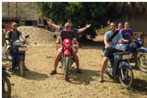
MH4H Staff ready for a home visit

The desire and reason behind every effort of Many Hands ministry is to BE that arm of a trusted friend. Praise to our Lord who is willing and able.
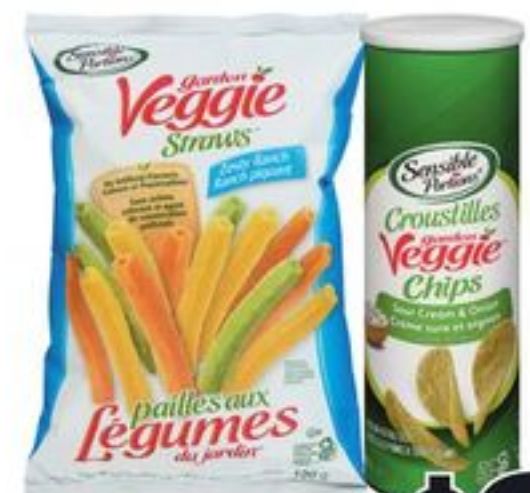
SENSIBLE PORTIONS VEGGIE STRAWS SELECTED VARIETIES 120-142 G 20377204001_EA/21380091_EA

══════

Would you retype all the lines shown above, exactly as written and without any picture?

MH4H Staff ready for a home visit

The desire and reason behind every effort of Many Hands ministry is to BE that arm of a trusted friend. Praise to our Lord who is willing and able.
SENSIBLE PORTIONS VEGGIE STRAWS SELECTED VARIETIES 120-142 G 20377204001_EA/21380091_EA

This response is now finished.